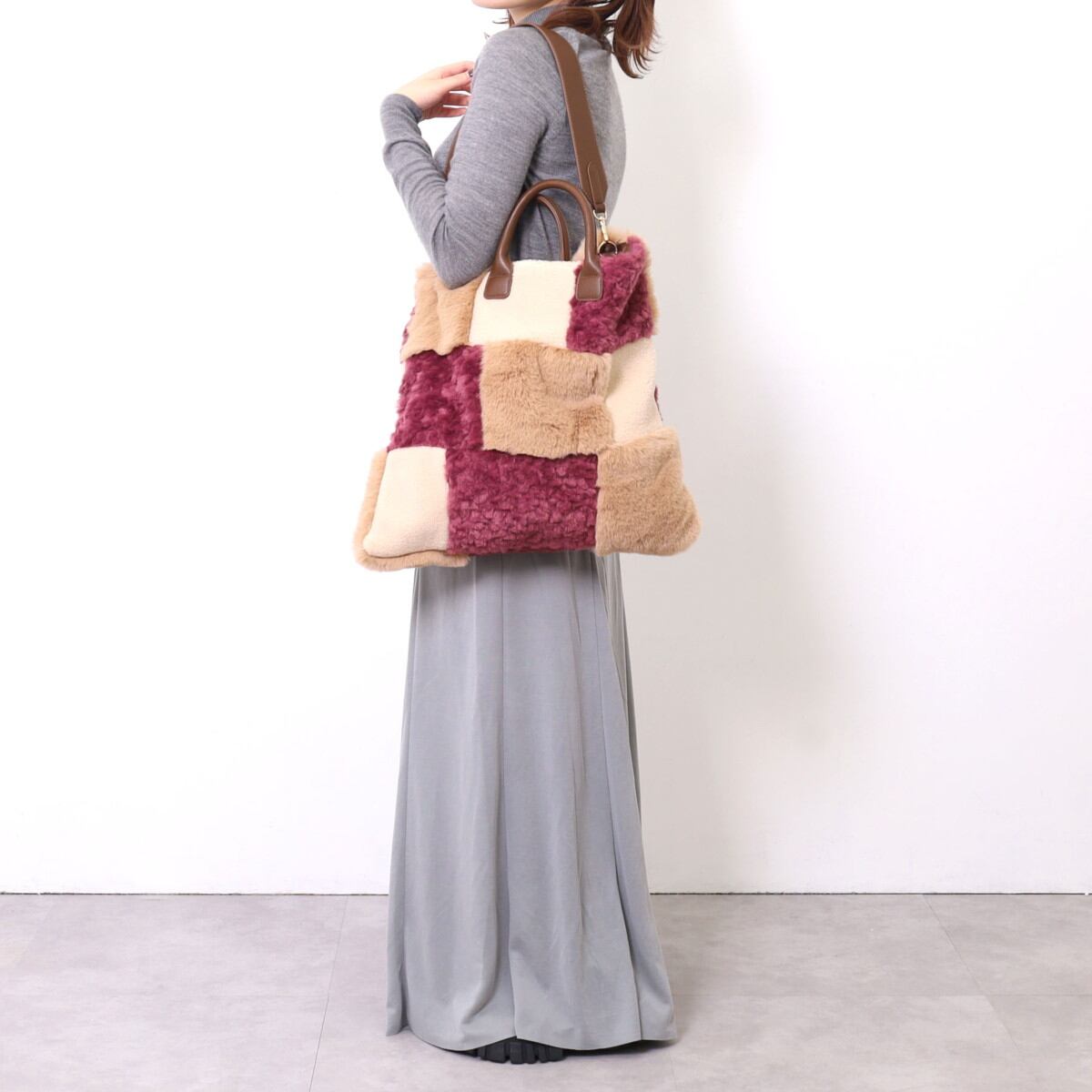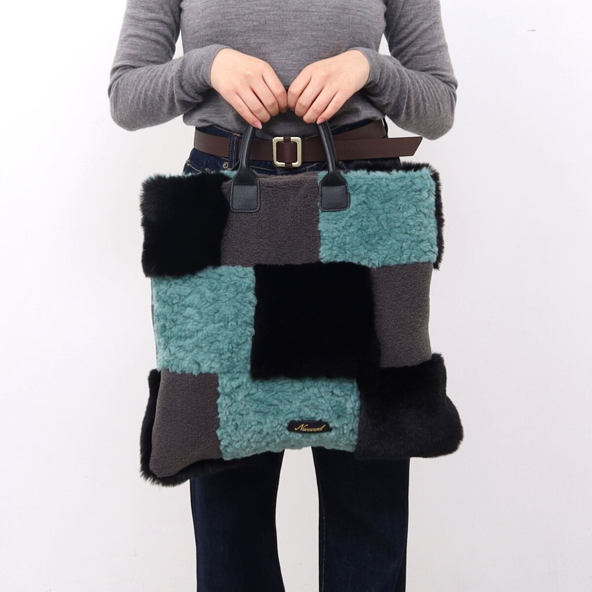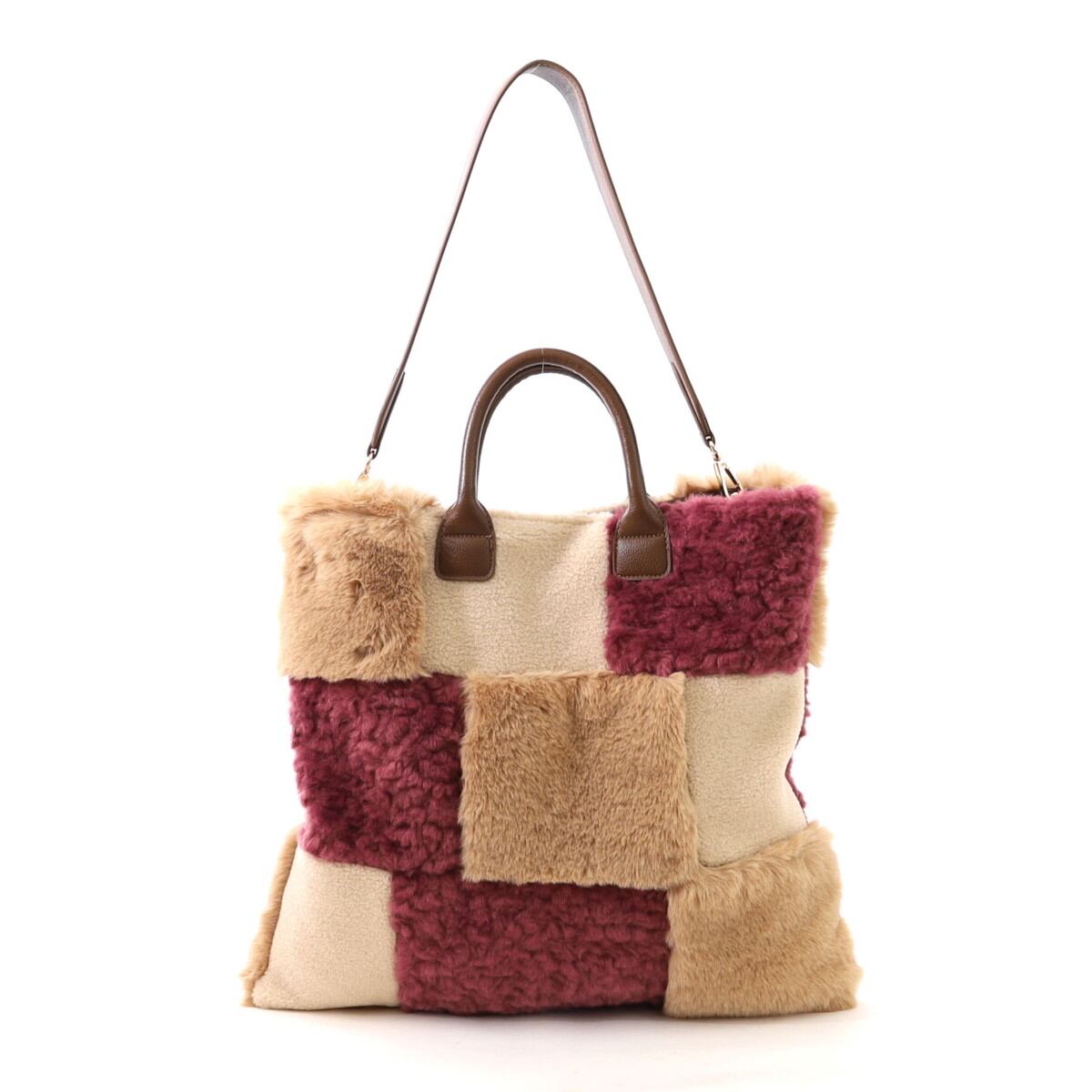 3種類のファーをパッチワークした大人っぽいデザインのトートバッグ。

==

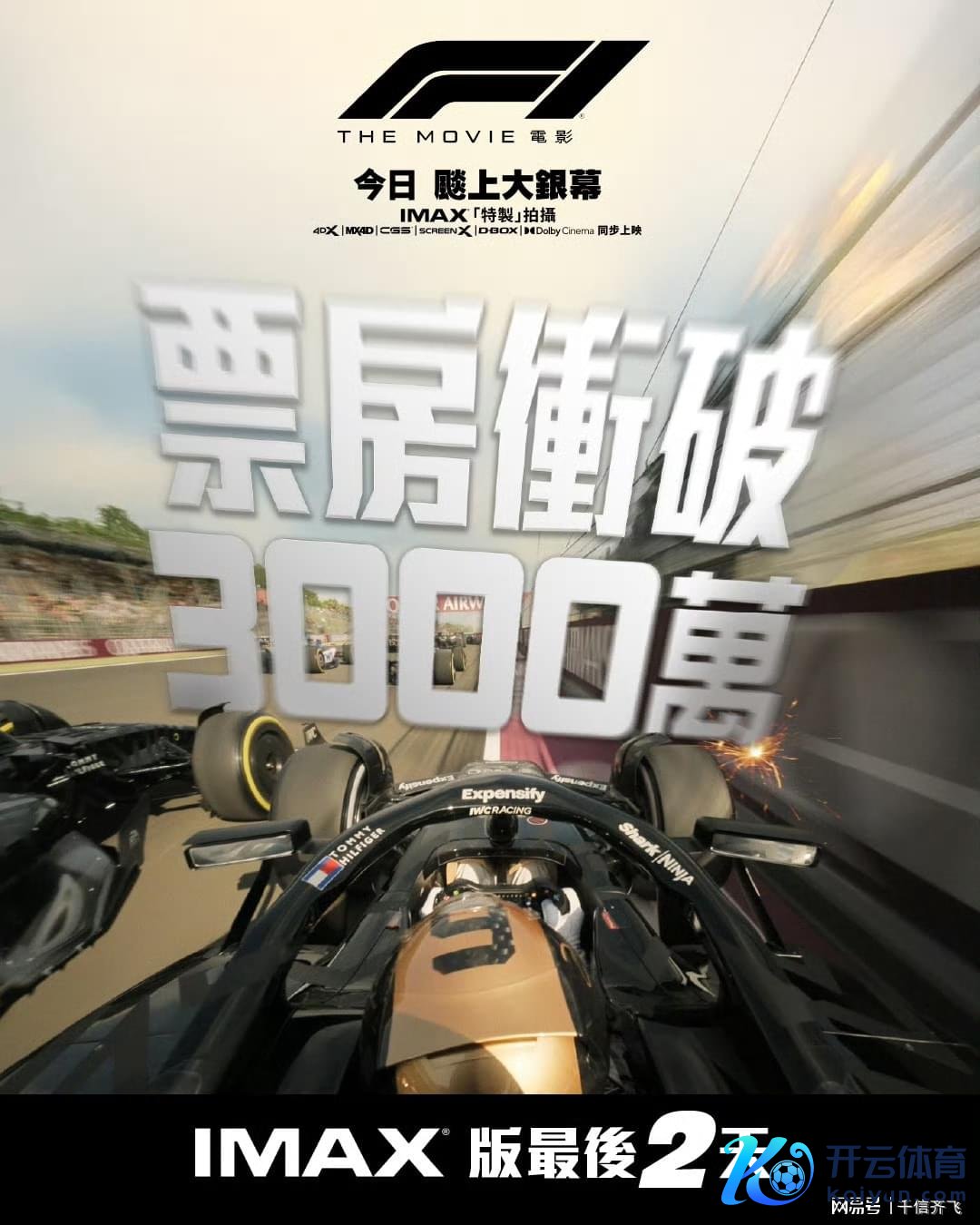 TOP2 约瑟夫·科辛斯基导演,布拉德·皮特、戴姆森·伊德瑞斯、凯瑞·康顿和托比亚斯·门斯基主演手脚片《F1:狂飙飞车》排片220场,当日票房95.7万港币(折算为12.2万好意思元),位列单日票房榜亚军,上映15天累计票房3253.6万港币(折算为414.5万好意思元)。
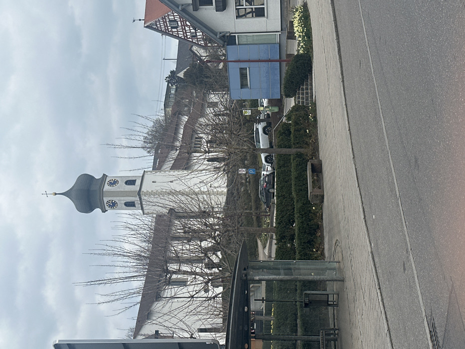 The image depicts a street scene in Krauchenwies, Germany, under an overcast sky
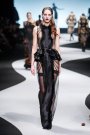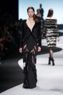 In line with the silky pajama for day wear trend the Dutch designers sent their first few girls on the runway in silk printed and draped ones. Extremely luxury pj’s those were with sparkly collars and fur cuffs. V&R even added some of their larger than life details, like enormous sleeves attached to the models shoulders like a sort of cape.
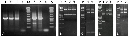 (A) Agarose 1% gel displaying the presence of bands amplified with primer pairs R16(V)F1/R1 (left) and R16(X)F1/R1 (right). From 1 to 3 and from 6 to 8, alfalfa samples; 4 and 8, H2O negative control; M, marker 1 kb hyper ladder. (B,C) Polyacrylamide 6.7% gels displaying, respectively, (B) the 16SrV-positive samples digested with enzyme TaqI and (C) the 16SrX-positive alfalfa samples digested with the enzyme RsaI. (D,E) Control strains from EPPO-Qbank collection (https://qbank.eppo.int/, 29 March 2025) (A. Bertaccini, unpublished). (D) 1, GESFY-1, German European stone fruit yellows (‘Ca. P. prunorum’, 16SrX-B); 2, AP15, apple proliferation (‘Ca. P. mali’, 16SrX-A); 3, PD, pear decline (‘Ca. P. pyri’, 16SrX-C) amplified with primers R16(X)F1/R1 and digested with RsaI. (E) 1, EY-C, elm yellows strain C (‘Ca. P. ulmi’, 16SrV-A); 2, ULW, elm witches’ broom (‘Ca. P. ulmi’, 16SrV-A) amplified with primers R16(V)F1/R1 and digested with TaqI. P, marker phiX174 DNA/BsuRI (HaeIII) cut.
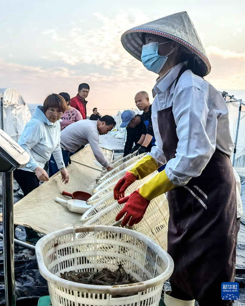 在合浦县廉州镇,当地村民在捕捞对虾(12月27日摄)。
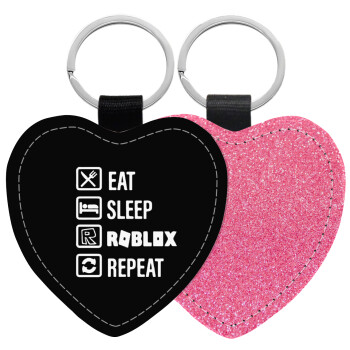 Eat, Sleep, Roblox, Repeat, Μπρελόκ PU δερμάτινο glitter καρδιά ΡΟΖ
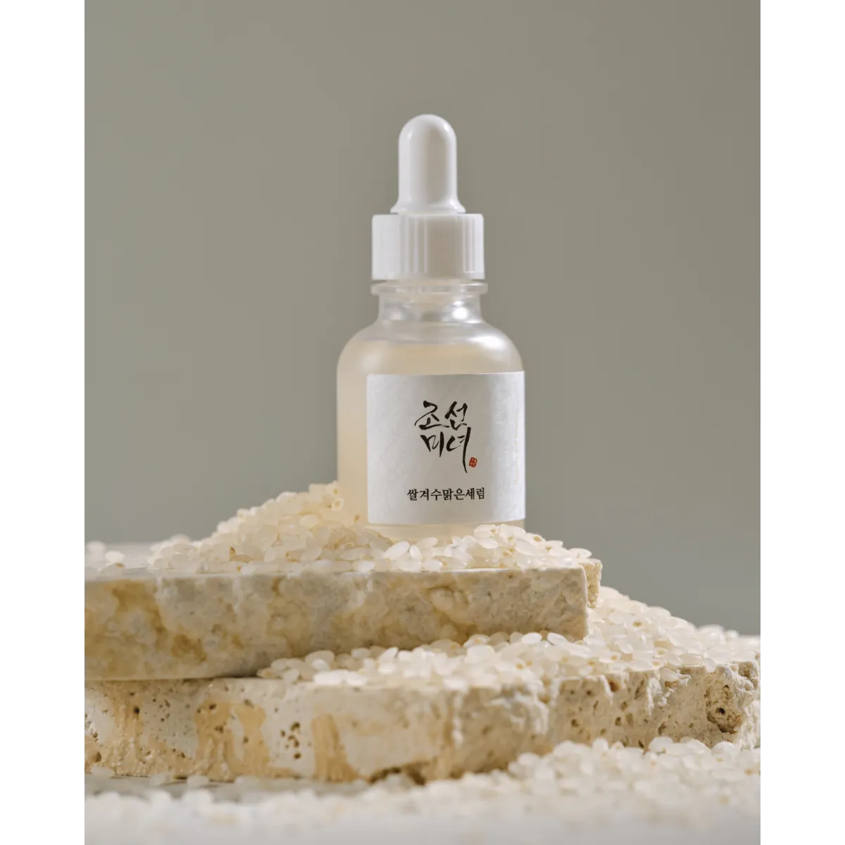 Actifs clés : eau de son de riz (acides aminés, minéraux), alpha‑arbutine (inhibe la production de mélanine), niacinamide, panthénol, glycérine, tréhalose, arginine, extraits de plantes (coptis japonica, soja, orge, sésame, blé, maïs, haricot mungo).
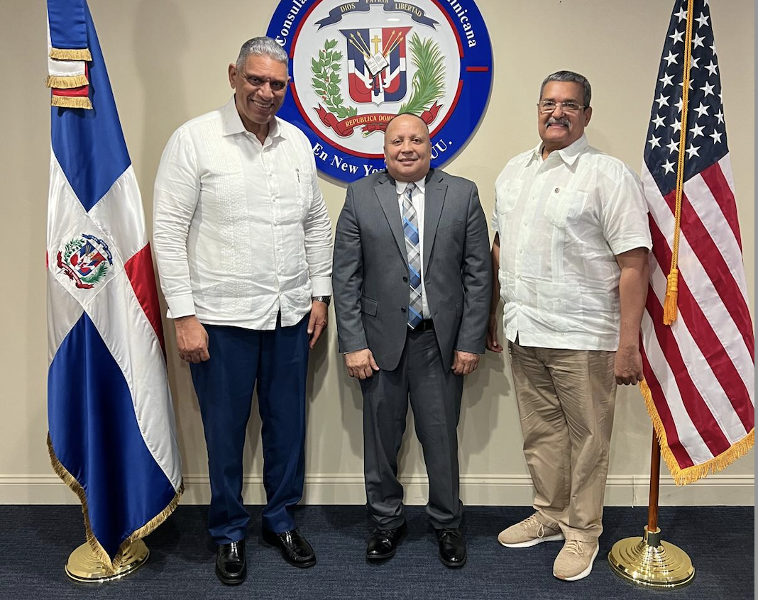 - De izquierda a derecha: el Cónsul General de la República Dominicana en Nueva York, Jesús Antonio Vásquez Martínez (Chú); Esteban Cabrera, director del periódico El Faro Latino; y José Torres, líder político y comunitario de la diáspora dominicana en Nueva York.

* _EXERCISE GOAL_
Write out word for word the lines above that run from the one with "The image depicts" to the one with "Eat, Sleep, Roblox, Repeat, Μπρελόκ". Include both end lines; exclude the images.

* _ANSWER TO THE PROBLEM_
 The image depicts a street scene in Krauchenwies, Germany, under an overcast sky
 In line with the silky pajama for day wear trend the Dutch designers sent their first few girls on the runway in silk printed and draped ones. Extremely luxury pj’s those were with sparkly collars and fur cuffs. V&R even added some of their larger than life details, like enormous sleeves attached to the models shoulders like a sort of cape.
 (A) Agarose 1% gel displaying the presence of bands amplified with primer pairs R16(V)F1/R1 (left) and R16(X)F1/R1 (right). From 1 to 3 and from 6 to 8, alfalfa samples; 4 and 8, H2O negative control; M, marker 1 kb hyper ladder. (B,C) Polyacrylamide 6.7% gels displaying, respectively, (B) the 16SrV-positive samples digested with enzyme TaqI and (C) the 16SrX-positive alfalfa samples digested with the enzyme RsaI. (D,E) Control strains from EPPO-Qbank collection (https://qbank.eppo.int/, 29 March 2025) (A. Bertaccini, unpublished). (D) 1, GESFY-1, German European stone fruit yellows (‘Ca. P. prunorum’, 16SrX-B); 2, AP15, apple proliferation (‘Ca. P. mali’, 16SrX-A); 3, PD, pear decline (‘Ca. P. pyri’, 16SrX-C) amplified with primers R16(X)F1/R1 and digested with RsaI. (E) 1, EY-C, elm yellows strain C (‘Ca. P. ulmi’, 16SrV-A); 2, ULW, elm witches’ broom (‘Ca. P. ulmi’, 16SrV-A) amplified with primers R16(V)F1/R1 and digested with TaqI. P, marker phiX174 DNA/BsuRI (HaeIII) cut.
 在合浦县廉州镇,当地村民在捕捞对虾(12月27日摄)。
 Eat, Sleep, Roblox, Repeat, Μπρελόκ PU δερμάτινο glitter καρδιά ΡΟΖ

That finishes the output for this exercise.